▶ **What is required**:
Copy the material below verbatim from the line with "Kun jij alles" to the line with "African American Child", both lines included, omitting pictures and every line outside that range.

▶ **Source material**:
■ ■ ■ ■ ■

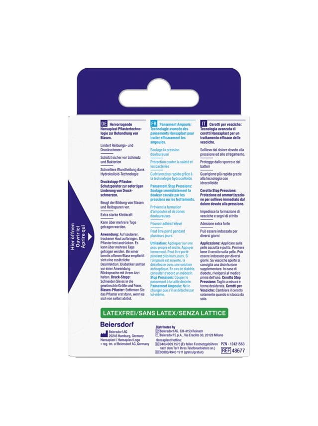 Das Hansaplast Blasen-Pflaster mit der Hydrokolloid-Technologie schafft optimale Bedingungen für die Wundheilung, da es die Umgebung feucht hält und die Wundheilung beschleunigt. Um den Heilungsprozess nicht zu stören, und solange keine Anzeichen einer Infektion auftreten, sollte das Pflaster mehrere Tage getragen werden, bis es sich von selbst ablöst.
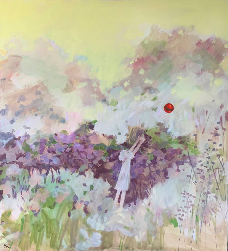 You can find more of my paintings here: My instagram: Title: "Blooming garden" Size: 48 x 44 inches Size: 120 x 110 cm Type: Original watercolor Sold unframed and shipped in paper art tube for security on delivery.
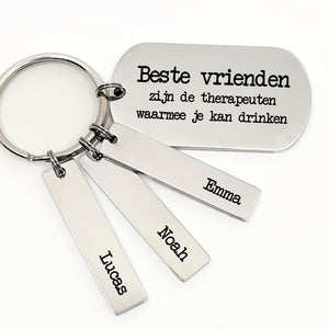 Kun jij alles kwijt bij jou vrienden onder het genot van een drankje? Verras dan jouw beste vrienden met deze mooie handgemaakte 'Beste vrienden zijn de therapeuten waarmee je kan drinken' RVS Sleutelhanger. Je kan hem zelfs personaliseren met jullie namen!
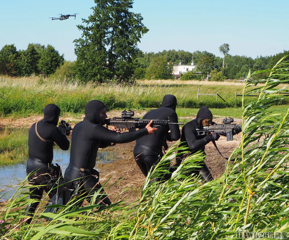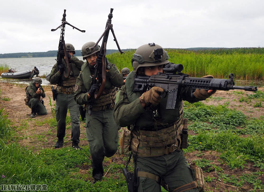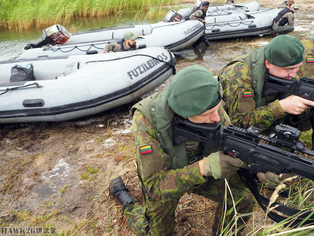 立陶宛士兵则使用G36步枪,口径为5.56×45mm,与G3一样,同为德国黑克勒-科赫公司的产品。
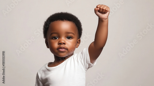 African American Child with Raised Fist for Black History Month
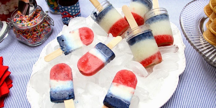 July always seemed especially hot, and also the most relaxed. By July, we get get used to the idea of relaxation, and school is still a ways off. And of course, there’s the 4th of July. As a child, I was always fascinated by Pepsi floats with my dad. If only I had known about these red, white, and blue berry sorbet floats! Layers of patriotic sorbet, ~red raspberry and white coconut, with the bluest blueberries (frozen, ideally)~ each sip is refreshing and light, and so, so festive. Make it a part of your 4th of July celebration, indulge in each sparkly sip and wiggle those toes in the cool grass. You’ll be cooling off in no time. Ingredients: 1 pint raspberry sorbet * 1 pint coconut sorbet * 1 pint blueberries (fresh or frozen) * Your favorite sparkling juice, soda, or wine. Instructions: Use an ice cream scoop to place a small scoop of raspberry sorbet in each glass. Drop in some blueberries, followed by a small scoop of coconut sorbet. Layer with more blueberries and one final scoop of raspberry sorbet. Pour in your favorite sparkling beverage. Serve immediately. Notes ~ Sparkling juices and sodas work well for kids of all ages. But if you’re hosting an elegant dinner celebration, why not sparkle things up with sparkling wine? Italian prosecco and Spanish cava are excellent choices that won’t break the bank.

■ ■ ■ ■ ■

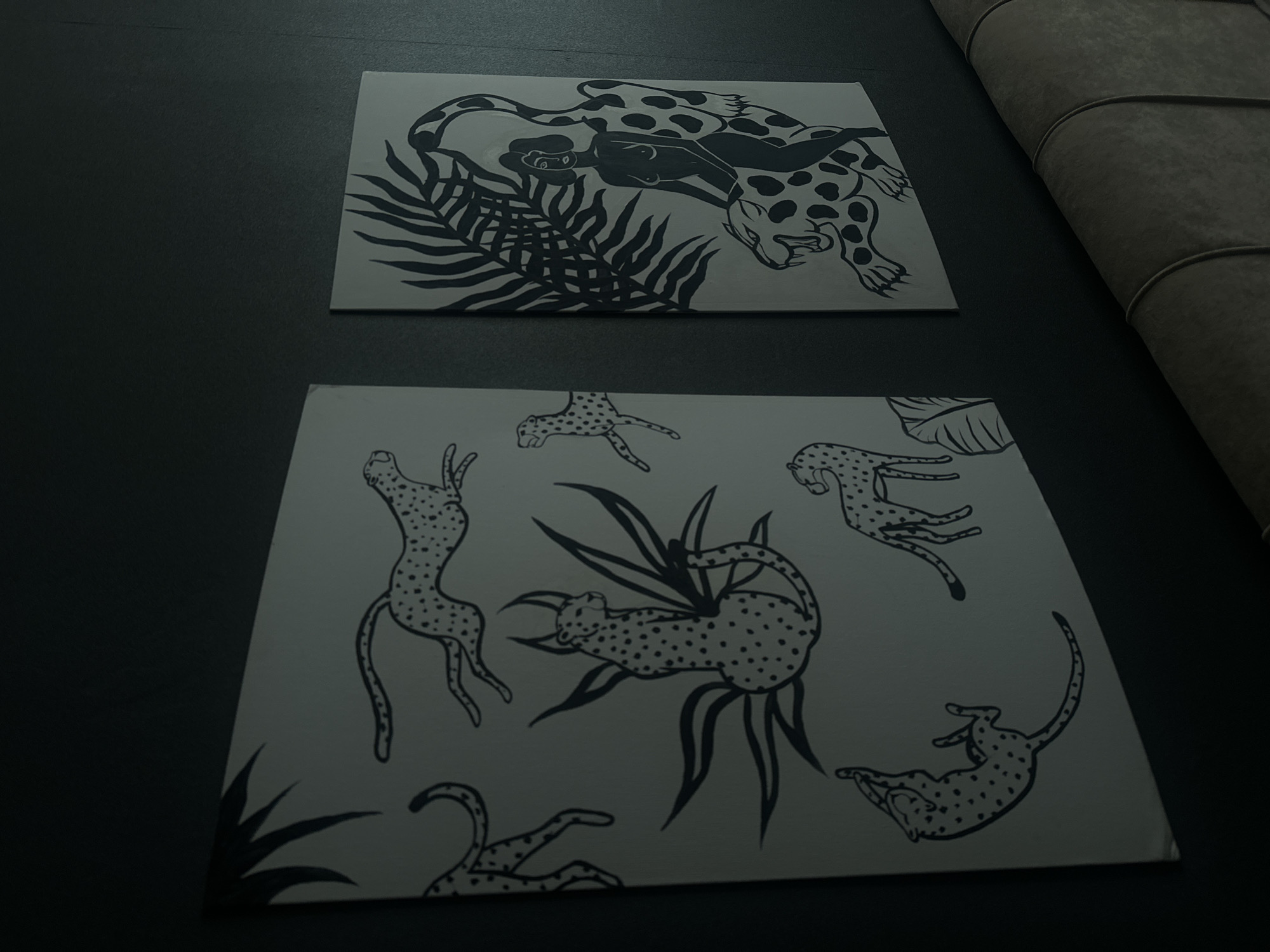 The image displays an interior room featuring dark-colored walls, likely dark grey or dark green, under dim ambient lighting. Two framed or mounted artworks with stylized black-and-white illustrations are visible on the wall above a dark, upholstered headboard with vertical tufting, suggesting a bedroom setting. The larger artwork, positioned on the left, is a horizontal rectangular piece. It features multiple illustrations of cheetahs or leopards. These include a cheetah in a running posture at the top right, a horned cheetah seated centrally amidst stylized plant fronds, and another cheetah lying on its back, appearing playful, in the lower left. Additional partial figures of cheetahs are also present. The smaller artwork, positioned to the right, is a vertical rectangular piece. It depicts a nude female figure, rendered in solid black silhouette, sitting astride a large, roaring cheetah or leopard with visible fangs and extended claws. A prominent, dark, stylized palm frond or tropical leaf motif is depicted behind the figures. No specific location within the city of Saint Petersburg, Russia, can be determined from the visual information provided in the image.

■ ■ ■ ■ ■

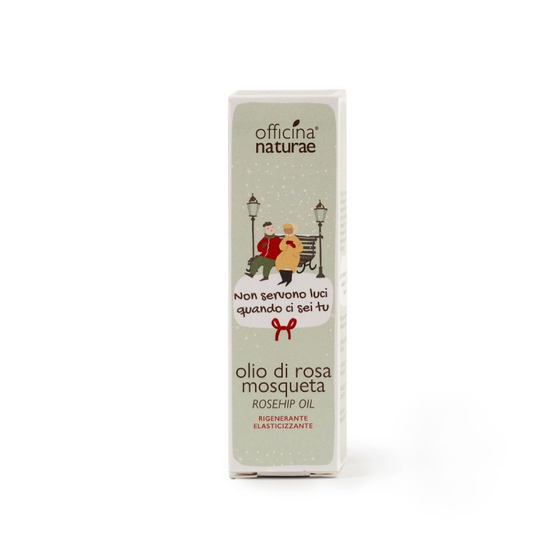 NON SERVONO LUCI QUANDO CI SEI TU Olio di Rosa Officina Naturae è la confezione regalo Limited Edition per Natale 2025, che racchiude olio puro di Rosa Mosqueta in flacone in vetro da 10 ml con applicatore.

■ ■ ■ ■ ■

▶ **Answer to the problem**:
 Kun jij alles kwijt bij jou vrienden onder het genot van een drankje? Verras dan jouw beste vrienden met deze mooie handgemaakte 'Beste vrienden zijn de therapeuten waarmee je kan drinken' RVS Sleutelhanger. Je kan hem zelfs personaliseren met jullie namen!
 立陶宛士兵则使用G36步枪,口径为5.56×45mm,与G3一样,同为德国黑克勒-科赫公司的产品。
 African American Child with Raised Fist for Black History Month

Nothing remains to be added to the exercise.